Critical Vulnerability in NVIDIA Merlin Transformers4Rec Library Enables Remote Code Execution with Root Privileges

A significant security flaw has been identified in NVIDIA’s Merlin Transformers4Rec library, designated as CVE-2025-23298. This vulnerability allows unauthenticated attackers to execute arbitrary code remotely with root-level privileges by exploiting unsafe deserialization processes within the model checkpoint loader. This discovery highlights the ongoing security challenges associated with machine learning (ML) and artificial intelligence (AI) frameworks that utilize Python’s pickle serialization.
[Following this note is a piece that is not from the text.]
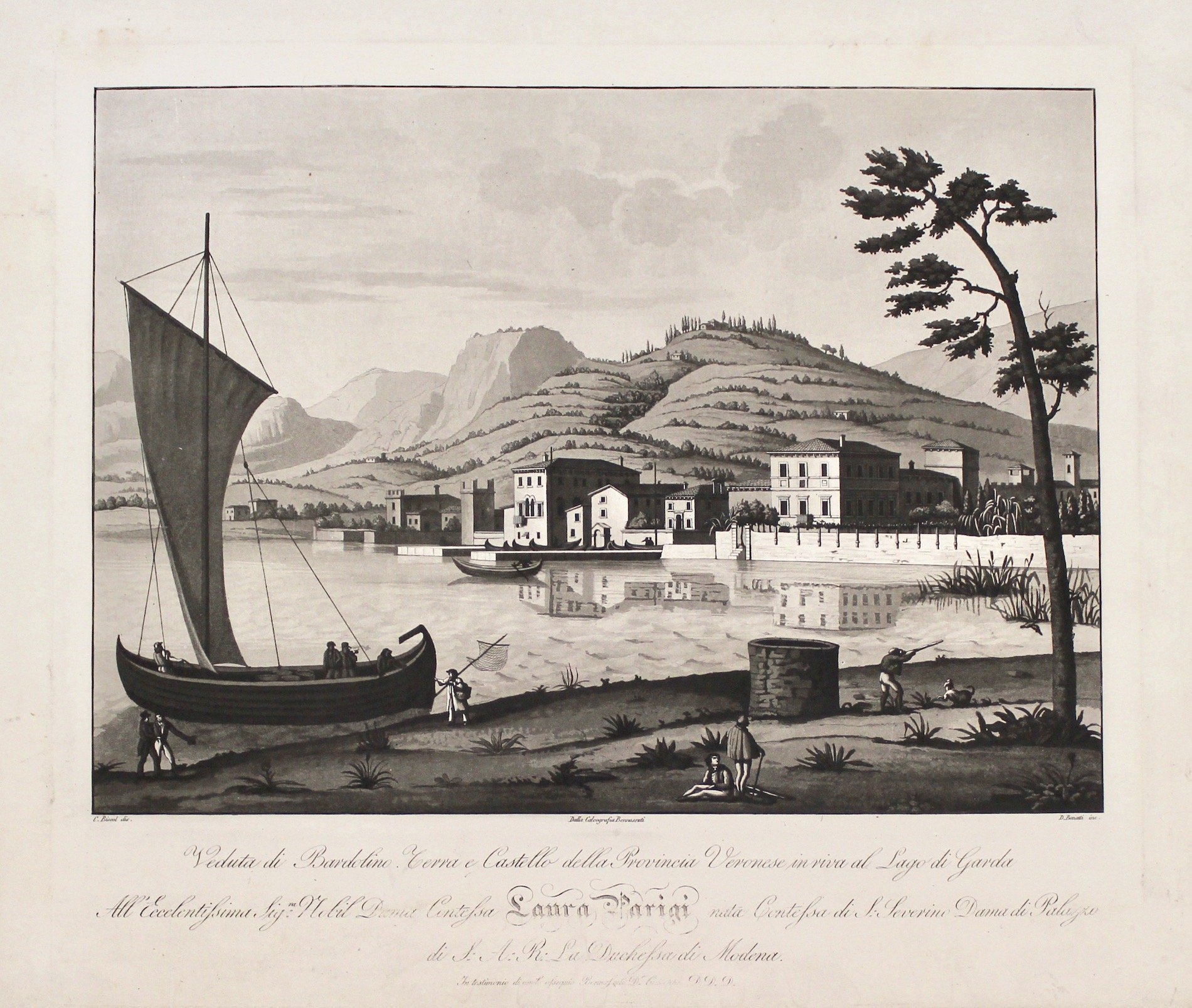 Incisione all'acquatinta dedicata alla contessa Laura Parigi, eseguita da D. Bonatti su disegno di C. Bissol, 340x380 (misura della battuta del rame) + margini assai ampi non rifilati. Piacevole veduta della cittadina gardesana vista da sud con bella scena di vita quotidiana in primo piano. Ben conservata, sebbene presenti qualche leggera piega e lievi tracce di sporco superficiale; la stampa è la più grande incisione pubblicata sulla cittadina di Bardolino (pochissime sono le rappresentazioni di questo piccolo centro) e fa parte di una fra le più ampie ed importanti serie di vedute su Verona e località della provincia pubblicate nel XIX secolo.

Understanding the Vulnerability

The core of this vulnerability lies in the `load_model_trainer_states_from_checkpoint` function within the Merlin Transformers4Rec library. This function employs PyTorch’s `torch.load()` method without implementing safety parameters. Underneath, `torch.load()` utilizes Python’s pickle module, which permits the deserialization of arbitrary objects. This mechanism becomes a vector for attackers to embed malicious code within crafted checkpoint files. When these files are loaded, the embedded code is executed, potentially leading to full system compromise.
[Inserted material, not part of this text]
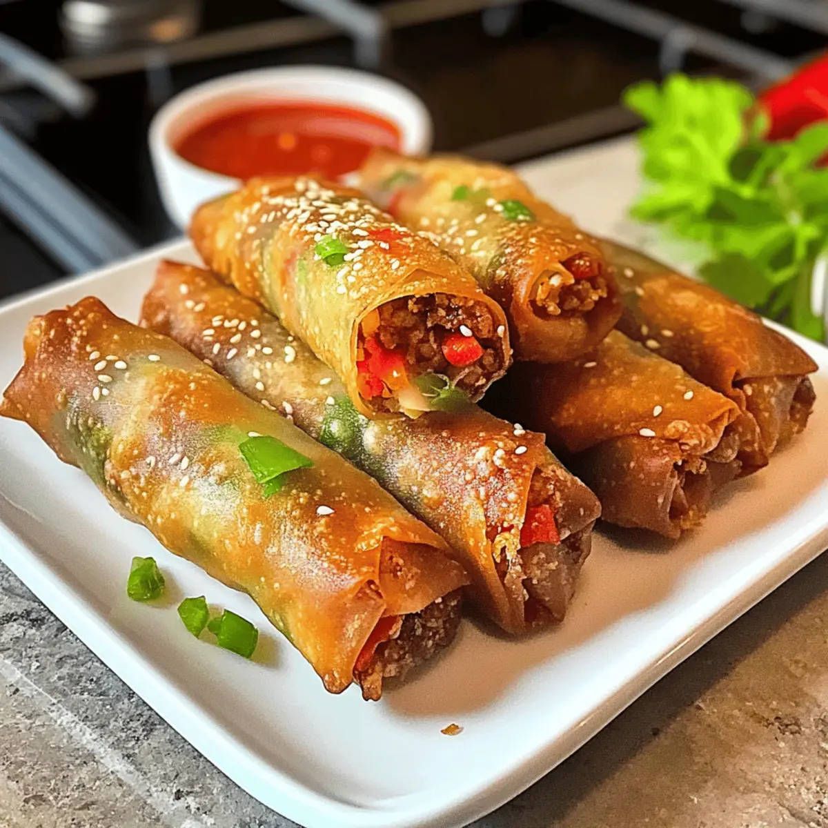 Hast du schon einmal den verlockenden Duft von frisch zubereiteten Frühlingsrollen in der Luft gespürt? Mit diesen Crispy Frühlingsrollen aus dem Airfryer bringst du dieses asiatische Geschmackserlebnis direkt in deine Küche. Sie sind nicht nur in nur 16 Minuten zubereitet, sondern auch herrlich knusprig und enthalten dank der minimalen Ölmenge eine gesunde Komponente. Diese köstlichen Rollen sind ideal für das Familienabendessen oder wenn Gäste zu Besuch sind – und das Beste daran? Du kannst die Füllung ganz nach deinem Geschmack anpassen, sei es mit zartem Hackfleisch oder einer veganen Variante aus Tofu. Bereit, mit mir in die Welt der knusprigen Frühlingsrollen zu tauchen? Warum wirst du diese Frühlingsrollen lieben? Einfachheit: Die Zubereitung ist kinderleicht und erfordert nur wenige Schritte, die auch Neuankömmlinge in der Küche sicher meistern. Vielseitige Füllungen: Ob mit herzhaftem Hackfleisch oder einer köstlichen veganen Variante – du kannst die Füllung ganz nach deinem Geschmack anpassen! Knuspriger Genuss: Im Airfryer gebacken, erhältst du das perfekte knusprige Ergebnis ohne viel Öl – ein gesunder Genuss für die ganze Familie. Schnelligkeit: In nur 16 Minuten sind die Frühlingsrollen fertig, ideal für spontane Essensvorbereitungen oder überraschende Gäste. Crowd-Pleaser: Jeder liebt diese goldbraunen, aromatischen Frühlingsrollen, perfekt als Snack oder Hauptgericht! Probiere sie mit einem frischen Salat oder einer herzhaften Gemüsepanne. Crispy Frühlingsrollen Airfryer Zutaten • Hinweis: Diese Zutatenliste hilft dir, die perfekten Crispy Frühlingsrollen im Airfryer zuzubereiten! Für die Füllung • Reispapierblätter – Sie dienen als perfekte Hülle für deine Füllung; probiere auch andere Wrap-Alternativen aus. • Hackfleisch (Rind, Huhn oder vegan) – Hauptsource für Protein; für eine vegane Option kannst du Tofu verwenden. • Karotten (2 Stück, geraspelt) – Diese bringen Süße und Crunch; ersetze sie bei Bedarf durch Zucchini. • Rote Paprika (1 Stück, in feine Streifen geschnitten) – Fügen Geschmack und Farbe hinzu; auch Pilze sind eine tolle Alternative. • Frühlingszwiebeln (3 Stück, fein gehackt) – Sie bringen Frische in die Füllung; Zwiebeln oder Lauch sind ebenfalls geeignet. • Ei (1 Stück) – Dient als Bindemittel für die Füllung; ein Leinsamen-Ei ist eine tolle veganer Option. • Sojasauce (6 EL) – Für Würze und Geschmack; verwende Tamari für eine glutenfreie Variante. • Sesamöl (1 EL) – Verleiht ein nussiges Aroma; du kannst auch ein anderes Pflanzenöl verwenden. • Fischsauce (1 EL) – Stärkt das Umami; für die vegane Version ganz einfach weglassen. • Gerösteter Sesam (2 TL) – Für den zusätzlichen Crunch; Chiasamen sind eine mögliche Alternative. • Salz & Pfeffer nach Geschmack – Die Basisgewürze für die perfekte Füllung. Schritt-für-Schritt-Anleitung für Crispy Frühlingsrollen Airfryer Step 1: Füllung vorbereiten Erhitze eine Pfanne auf mittlerer Hitze und gib das Hackfleisch hinein. Brate es unter gelegentlichem Rühren an, bis es durchgegart ist, etwa 5–7 Minuten. Lösche das Fleisch dann mit 4 Esslöffeln Sojasauce ab, damit es zusätzliches Aroma erhält. Step 2: Gemüse schneiden Während das Fleisch brät, bereite das Gemüse vor. Schäle die Karotten und raspel sie fein. Schneide die rote Paprika in dünne Streifen und hacke die Frühlingszwiebeln. Stelle sicher, dass alles gleichmäßig geschnitten ist, damit es später gut in die Frühlingsrollen passt. Step 3: Mischen Nimm eine große Schüssel und vermische das angebratene Hackfleisch mit dem geschnittenen Gemüse, dem Ei, der restlichen Sojasauce, der Fischsauce, dem Sesamöl und einer Prise Salz und Pfeffer. Rühre alles gut um, bis die Zutaten gleichmäßig verteilt sind und eine gut kombinierte Füllung entsteht. Step 4: Reispapier vorbereiten Fülle eine flache Schale mit warmem Wasser und tauche ein Reispapierblatt für etwa 10 Sekunden ein, bis es weich und biegsam ist. Achte darauf, dass du das Blatt nicht zu lange einweichst, sonst wird es zu zerbrechlich. Step 5: Füllen Lege das eingeweichte Reispapier auf eine saubere Arbeitsfläche. Platziere 1–2 Esslöffel der Füllung in der Mitte. Klappe die Seiten des Reispapiers ein und rolle es dann von unten auf, um eine feste Rolle zu formen. Wiederhole diesen Schritt, bis die gesamte Füllung aufgebraucht ist. Step 6: Kochen Vorheizen des Airfryers auf 200 °C. Lege die gefüllten Frühlingsrollen in den Korb des Airfryers, dabei darauf achten, dass sie sich nicht berühren. Backe die Rollen für 10–16 Minuten, bis sie goldbraun und knusprig sind. Wende sie nach der Hälfte der Garzeit, um eine gleichmäßige Bräunung zu gewährleisten. Step 7: Servieren Sobald die Crispy Frühlingsrollen aus dem Airfryer kommen, bestreue sie mit geröstetem Sesam und frisch gehackten Frühlingszwiebeln. Serviere sie heiß mit einer leckeren süß-sauren Sauce oder einer Erdnusssauce für den ultimativen Genuss. Crispy Frühlingsrollen Airfryer Variationen Lass deiner Kreativität freien Lauf und passe dieses Rezept nach deinem Geschmack an! Vegane Füllung: Verwende Tofu und eine Vielzahl von buntem Gemüse für eine köstliche vegane Option. Scharf: Füge frische Chilis oder Chilipulver zu deiner Füllung hinzu, um die Frühlingsrollen ordentlich aufzupeppen. Käse-Fans: Gib geriebenen Käse wie Cheddar oder Mozzarella in die Füllung, um für eine schmelzende Überraschung zu sorgen. Der Kombination aus herzhaft und cremig wird niemand widerstehen können! Kräuter-Boost: Verfeinere deine Füllung mit frischen Kräutern wie Koriander oder Basilikum für zusätzlichen Geschmack und Frische. Glutenfrei: Ersetze die Sojasauce durch Tamari, um diese leckeren Rollen glutenfrei zu genießen. Erdnuss-Sauce: Anstelle von süß-saurer Sauce, serviere deine Frühlingsrollen mit einer cremigen Erdnuss-Sauce. Das verleiht dem Gericht einen nussigen Kick. Mehr

In the vulnerable implementation, the `cloudpickle` library is used to load the model class directly:

“`python
model_class = cloudpickle.load(f)
“`

This approach grants attackers complete control over the deserialization process. By defining a custom `__reduce__` method, a malicious checkpoint can execute arbitrary system commands upon loading. For instance, an attacker could use `os.system()` to download and execute a remote script, thereby gaining control over the system.

Potential Impact and Attack Surface

The implications of this vulnerability are extensive. ML practitioners frequently share pre-trained model checkpoints through public repositories or cloud storage platforms. In many cases, production ML pipelines operate with elevated privileges. Consequently, a successful exploit not only compromises the host system but can also escalate to root-level access, providing attackers with full control over the affected environment.

To illustrate the severity, researchers have demonstrated that loading a maliciously crafted checkpoint via the vulnerable function triggers the embedded shell command before any model weight restoration occurs. This results in immediate remote code execution under the context of the ML service, potentially leading to data breaches, system disruptions, and unauthorized access to sensitive information.

NVIDIA’s Response and Mitigation Measures

In response to this critical vulnerability, NVIDIA has implemented a patch in Pull Request #802. The update replaces the raw pickle calls with a custom `load()` function that whitelists approved classes, thereby enhancing input validation and mitigating the risk of arbitrary code execution. The patched loader in `serialization.py` enforces stricter input validation protocols. Additionally, developers are encouraged to use the `weights_only=True` parameter in `torch.load()` to prevent the deserialization of untrusted objects.

Best Practices for Developers and Organizations

To safeguard against such vulnerabilities, developers and organizations should adhere to the following best practices:

1. Avoid Using Pickle with Untrusted Data: The pickle module should never be used to deserialize untrusted data due to its inherent security risks. Instead, restrict deserialization to known, safe classes.

2. Adopt Safer Serialization Formats: Consider using alternative serialization formats such as Safetensors or ONNX, which offer safer model persistence options and reduce the risk of code execution vulnerabilities.

3. Implement Cryptographic Signing: Enforce cryptographic signing of model files to ensure their integrity and authenticity. This practice helps prevent tampering and unauthorized modifications.

4. Sandbox Deserialization Processes: Isolate deserialization processes within secure environments to limit the potential impact of any malicious code execution.

5. Conduct Regular Security Audits: Include ML pipelines in routine security audits to identify and address potential vulnerabilities proactively.

Technical Details and Risk Assessment

– Affected Products: NVIDIA Merlin Transformers4Rec versions up to and including v1.5.0.

– Impact: Remote code execution with root privileges.

– Exploit Prerequisites: Loading an attacker-supplied model checkpoint via `torch.load()`.

– CVSS 3.1 Score: 9.8 (Critical)

Broader Implications and Community Recommendations

This vulnerability underscores the need for the ML and AI community to prioritize security-first design principles. The reliance on pickle-based mechanisms poses significant risks, and until such dependencies are eliminated, similar vulnerabilities are likely to persist. Vigilance, robust input validation, and a zero-trust approach are essential to protect production ML systems from supply-chain attacks and remote code execution threats.

Conclusion

The discovery of CVE-2025-23298 in NVIDIA’s Merlin Transformers4Rec library serves as a critical reminder of the security challenges inherent in ML and AI frameworks. By implementing the recommended mitigation measures and adhering to best practices, developers and organizations can enhance the security posture of their ML pipelines and safeguard against potential exploits.